Literature DB >> 23654277

A genome-wide activity assessment of terminator regions in Saccharomyces cerevisiae provides a ″terminatome″ toolbox.

Mamoru Yamanishi1, Yoichiro Ito, Reiko Kintaka, Chie Imamura, Satoshi Katahira, Akinori Ikeuchi, Hisao Moriya, Takashi Matsuyama.   

Abstract

The terminator regions of eukaryotes encode functional elements in the 3' untranslated region (3'-UTR) that influence the 3'-end processing of mRNA, mRNA stability, and translational efficiency, which can modulate protein production. However, the contribution of these terminator regions to gene expression remains unclear, and therefore their utilization in metabolic engineering or synthetic genetic circuits has been limited.

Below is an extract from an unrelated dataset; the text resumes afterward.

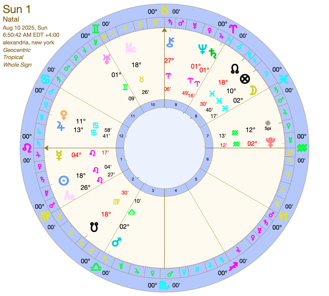 In this chart we have a freshly risen, unaspected Sun in domecile in Leo. Poured at daybreak and infused with the morning beams of the rising Sun, this oil is sure to put you right in the drivers seat of your life, ready to shine in all your glory.

Here, we comprehensively evaluated the activity of 5302 terminator regions from a total of 5880 genes in the budding yeast Saccharomyces cerevisiae by inserting each terminator region downstream of the P TDH3 - green fluorescent protein (GFP) reporter gene and measuring the fluorescent intensity of GFP. Terminator region activities relative to that of the PGK1 standard terminator ranged from 0.036 to 2.52, with a mean of 0.87. We thus could isolate the most and least active terminator regions. The activities of the terminator regions showed a positive correlation with mRNA abundance, indicating that the terminator region is a determinant of mRNA abundance. The least active terminator regions tended to encode longer 3'-UTRs, suggesting the existence of active degradation mechanisms for those mRNAs. The terminator regions of ribosomal protein genes tended to be the most active, suggesting the existence of a common regulator of those genes. The ″terminatome″ (the genome-wide set of terminator regions) thus not only provides valuable information to understand the modulatory roles of terminator regions on gene expression but also serves as a useful toolbox for the development of metabolically and genetically engineered yeast.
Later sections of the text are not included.